Мне кажется, когда Генри говорит со мной или пишет мне, он пользуется другим языком. Я чувствую, что он не хочет произносить то слово, которое первым приходит ему в голову, а ищет другое, более точное. Иногда мне кажется, что я привела его в какой-то запутанный мир, в новую, незнакомую страну, и он идет по ней — не как Джон, попирая и вытаптывая все на своем пути, — но с той бережностью, которую я заметила в нем с первого дня нашего знакомства. Он проникает в глубины гармонии Пруста, вкрадчивости Жида, опиумной загадочности Кокто, тишины Валери, приближается к соблазнам, прокрадывается в неизведанные вселенные. И я попадаю туда вместе с ним. Сегодня ночью я люблю его за то, как красиво он подарил мне весь мир.

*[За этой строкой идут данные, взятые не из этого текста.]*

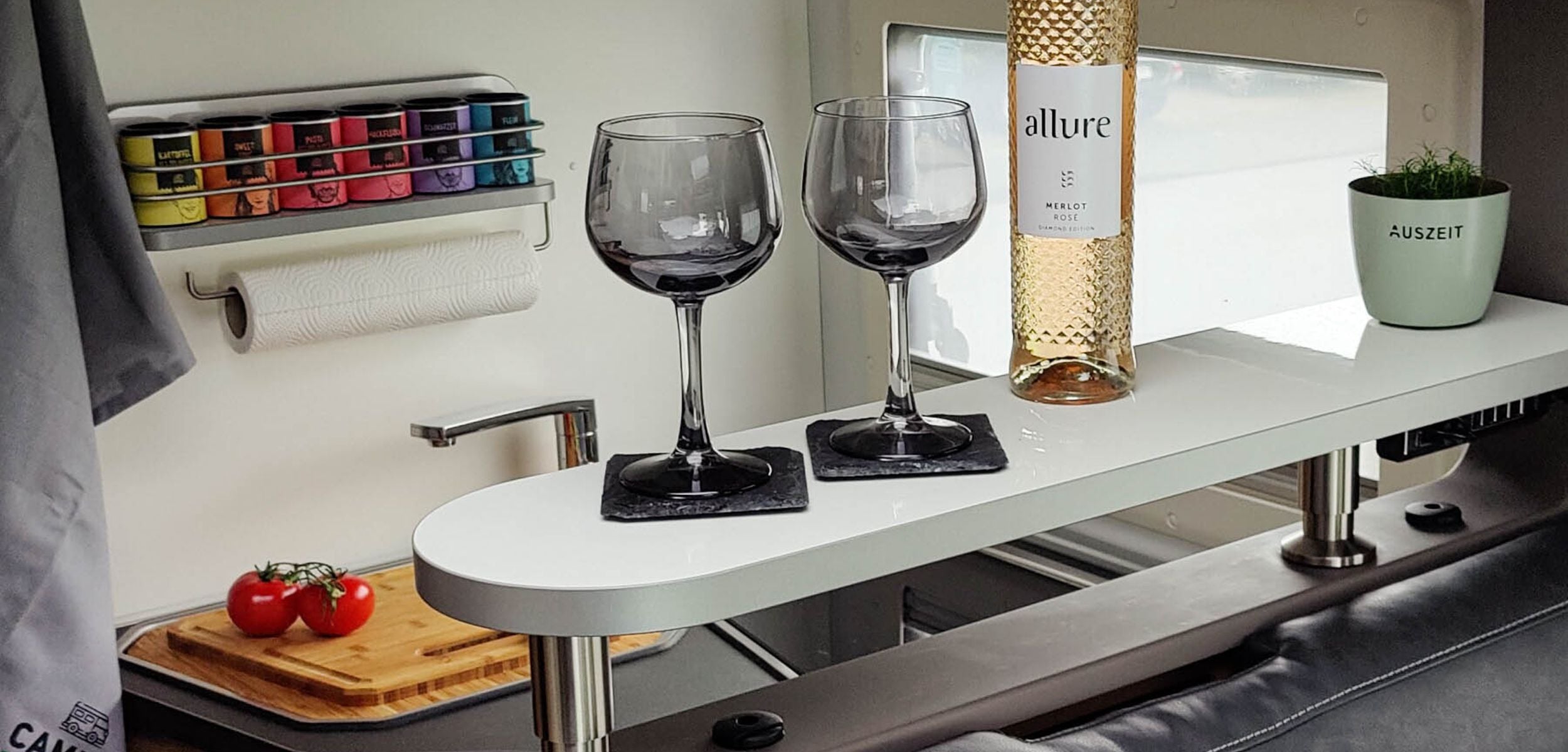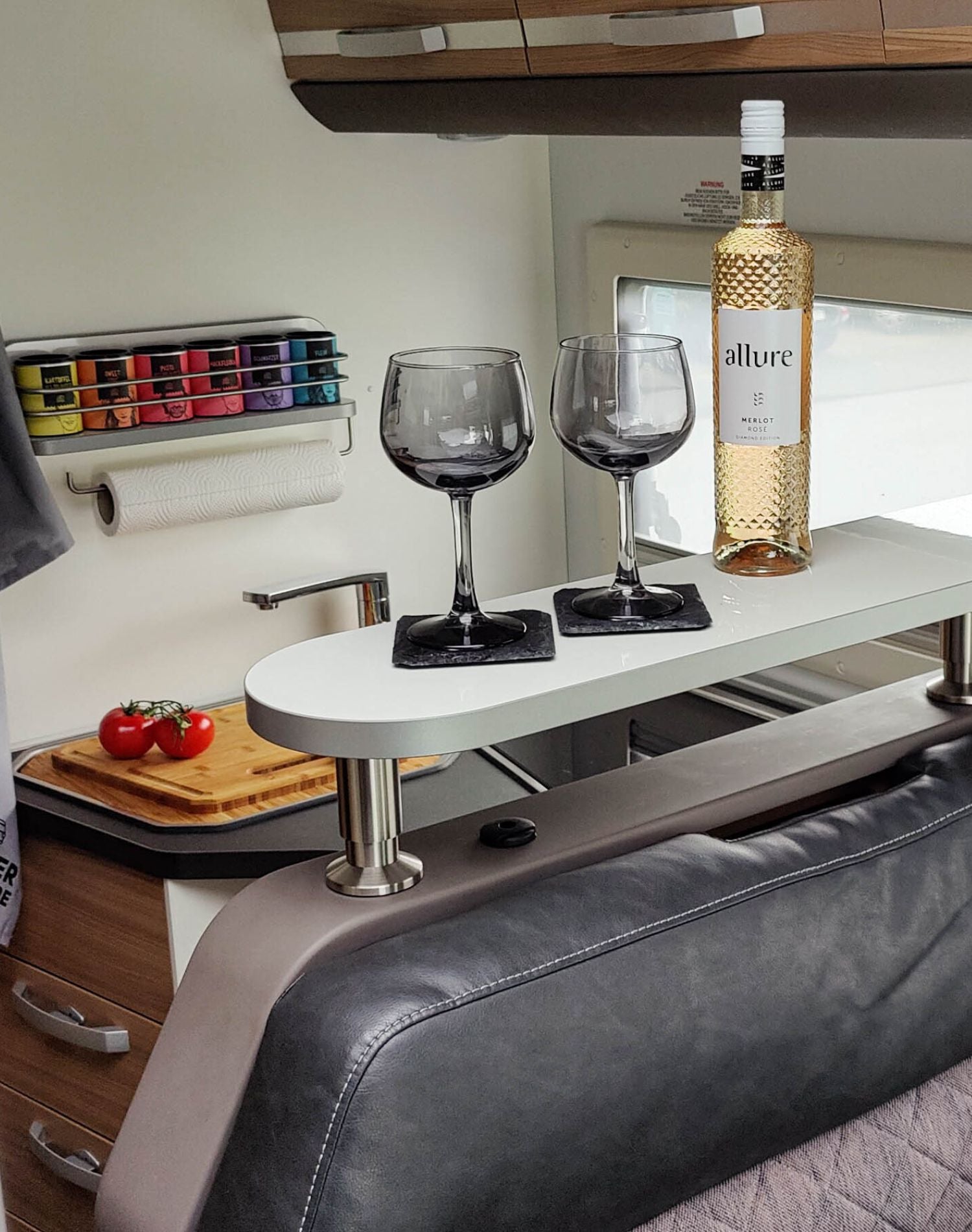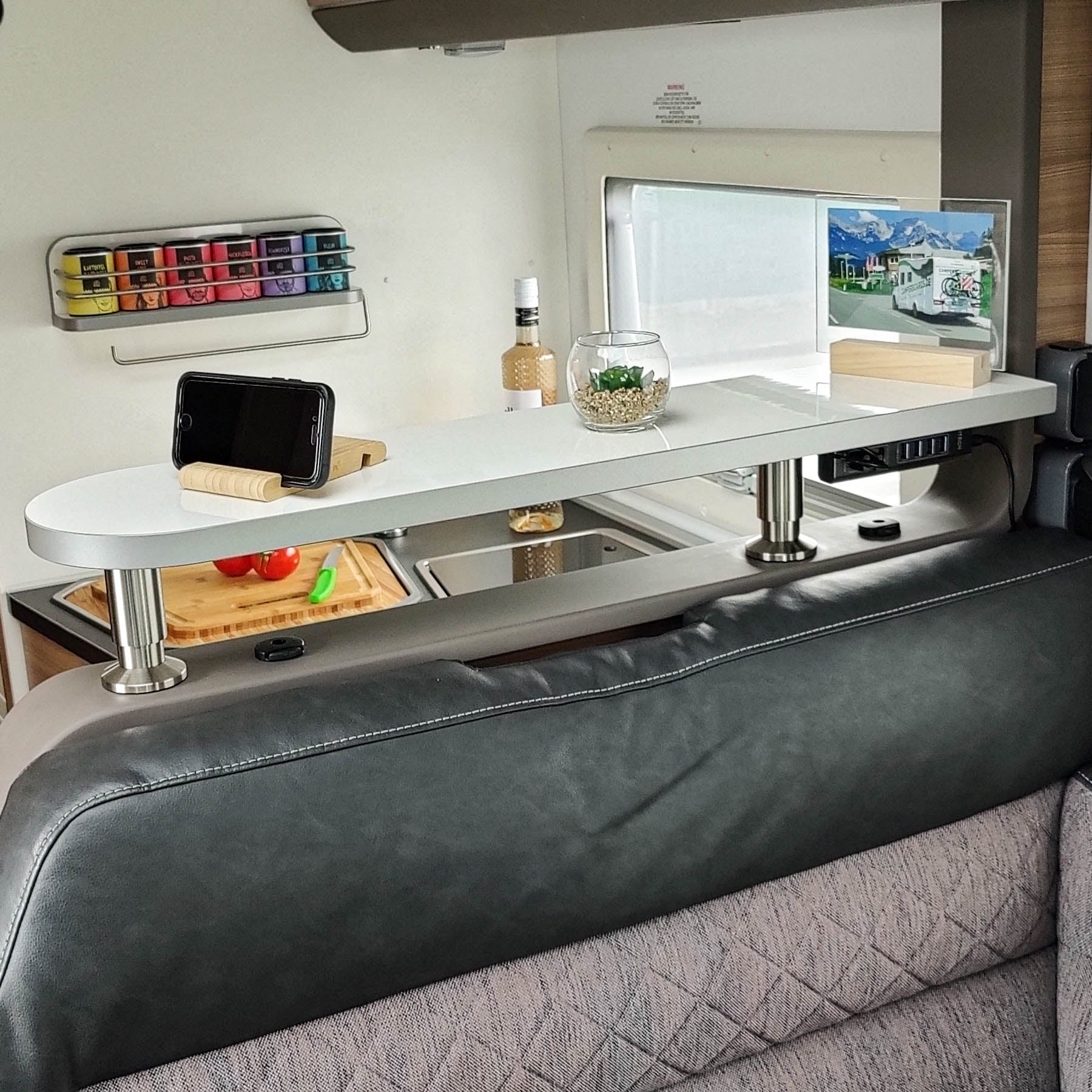 Dankzij het HPL-oppervlak wordt het een robuuste blikvanger in je camper en biedt het opbergruimte voor koffiezetapparaat, glazen of decoratie.
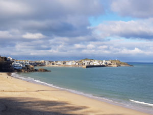 View of Porthminster beach and St. Ives harbour on a sunny morning in winter.
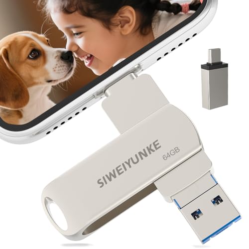 Clé USB pour iphone 64Go-Clé USB pour Smartphone,pour iOS/Android/Smartphone/iPad/Mac/PC/Tablette Stockage Externe Haute Vitesse-Cle USB pour iphone Transfert Photos (Argent, 64GB)
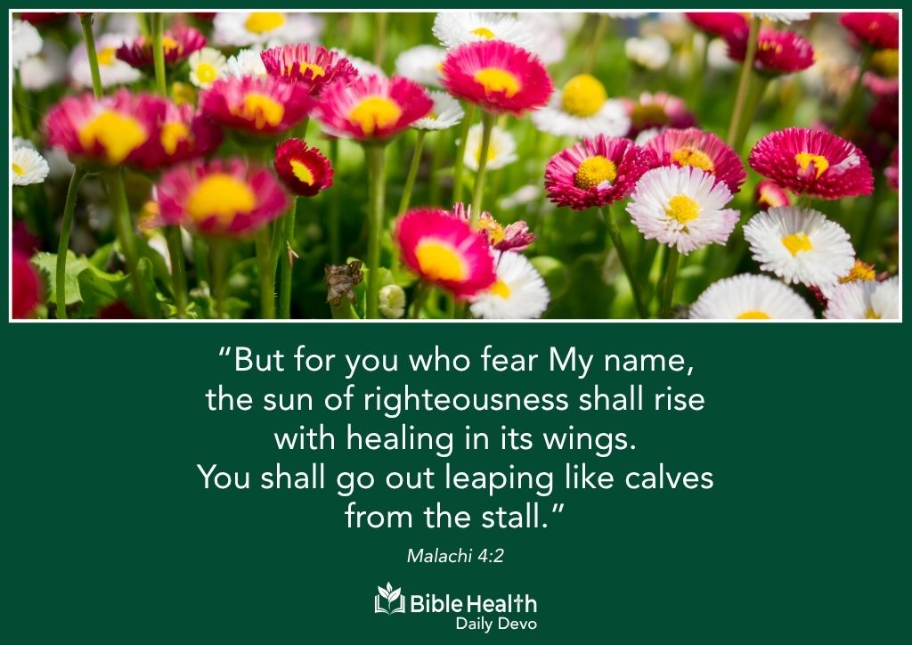 Prayer: Lord, thank You that the Sun of Righteousness has risen with healing in His wings. Shine on every dark place in my life with Your light and restoration. Fill me with joy like a calf leaping in freedom, that I may thrive in Your presence and reflect Your healing to others. Amen.
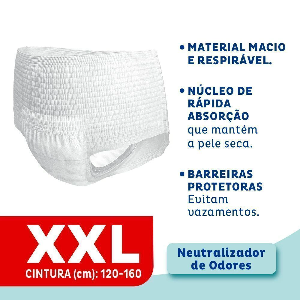 A Roupa Íntima Tena Pants Plus Size Care é descartável e unissex de rápida absorção, que proporciona ao usuário ativo facilidade e praticidade de uso, discrição e segurança. Tena Pants Plus Size é projetada para oferecer um ajuste confortável e seguro para adultos com sobrepeso ou obesidade. Pants Plus Size possui elásticos em volta da cintura que garante um ajuste perfeito ao corpo, oferecendo conforto e segurança. Além da proteção da pele que ajuda na prevenção de irritações, permitindo que a mesma esteja sempre saudável e seca. É indicado para perdas de urina severa. Um produto hipoalergênico, desenvolvido para minimizar riscos de alergias, com tecido respirável e macio. Proteção e cuidado para a pele todos os dias. As roupas íntimas Tena Plus Size são projetadas para minimizar o odor desagradável, mantendo uma sensação de frescor e higiene.
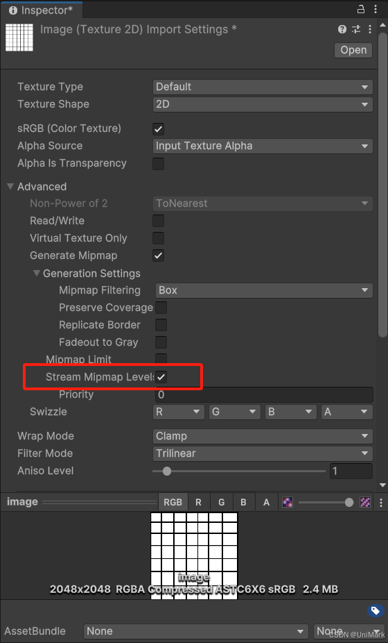 但是,Mipmap依然有缺陷,使用它意味着增加了内存开销,为了解决这一问题,Unity又推出了MipmapStreaming技术。

Двигаясь вперед, я не могу спешить, мне нельзя. Я не стану просить Хьюго даже об одном свободном вечере. И потому открываю в Генри новые, очень глубокие чувства.

— Ты рада, — спрашивает меня Эдуардо, — что он хочет писать, работать, что он скорее возвысится, чем будет унижен?

— Да.

— Настоящий вкус к жизни ты почувствуешь, когда сможешь использовать свою власть над мужчинами, — чтобы жестоко уничтожать их.

Неужели такой момент когда-нибудь настанет?

Я рассказываю Хьюго о своем воображаемом дневнике одержимой женщины, и это укрепляет его уверенность, что все на свете фальшиво и ложно, кроме нашей любви.

— Но откуда ты знаешь, что на самом деле такого дневника нет? Откуда ты знаешь, может, я тебе вру?

— Может быть, и врешь, — отвечает он.

— Твой рассудок сейчас очень податлив.

— Позволь мне бороться, — просит он. — Мое воображение все только портит.

Я дала ему прочесть мои письма к Джун, и ему стало легче. Лучшая ложь — это полуправда. Я и сообщаю ему полуправду.

Воскресенье. Хьюго идет играть в гольф. Я машинально одеваюсь, думая, как приятно мне делать это для Генри и как противно ради этих идиотов — банкиров и телефонных королей.

Позже я оказываюсь в маленькой темной комнате, запущенной, как заброшенный чулан. Вдруг я слышу сильный голос Генри, чувствую прикосновение его губ. Такое чувство, как будто я утонула в теплой крови. Он продирается сквозь мое тепло и влагу. Медленное проникновение, пауза, рывок — я задыхаюсь от наслаждения. У меня нет слов, чтобы описать это. Что-то совершенно новое.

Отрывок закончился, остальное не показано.